BEGIN PROVIDED RECORDS

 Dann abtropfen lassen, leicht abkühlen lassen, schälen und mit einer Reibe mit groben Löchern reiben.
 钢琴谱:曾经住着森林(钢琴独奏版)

END PROVIDED RECORDS
BEGIN PROVIDED RECORDS

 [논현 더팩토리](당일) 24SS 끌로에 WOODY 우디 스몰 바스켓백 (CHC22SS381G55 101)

END PROVIDED RECORDS
BEGIN PROVIDED RECORDS

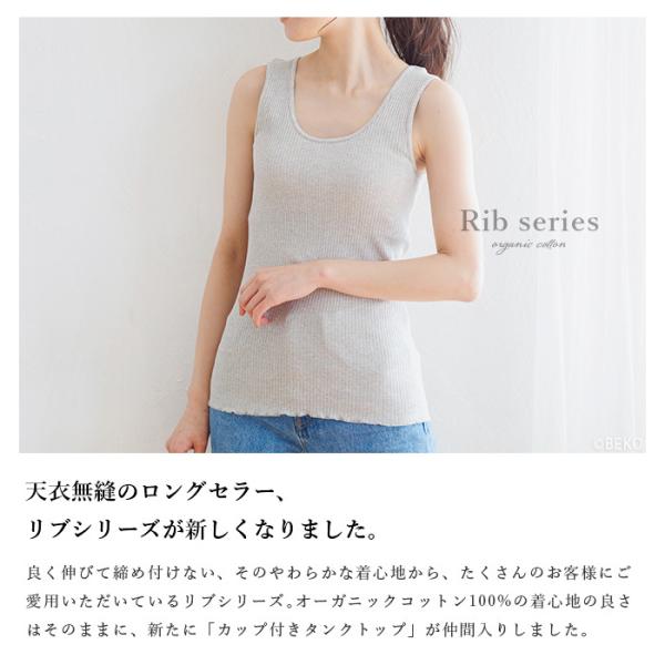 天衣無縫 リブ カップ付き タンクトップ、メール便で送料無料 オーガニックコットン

END PROVIDED RECORDS

REQUIRED ACTION: Give again exactly, and only, the lines above starting at the one with "Dann abtropfen lassen, leicht" and ending at the one with "钢琴谱:曾经住着森林(钢琴独奏版)".

TASK OUTPUT:
 Dann abtropfen lassen, leicht abkühlen lassen, schälen und mit einer Reibe mit groben Löchern reiben.
 钢琴谱:曾经住着森林(钢琴独奏版)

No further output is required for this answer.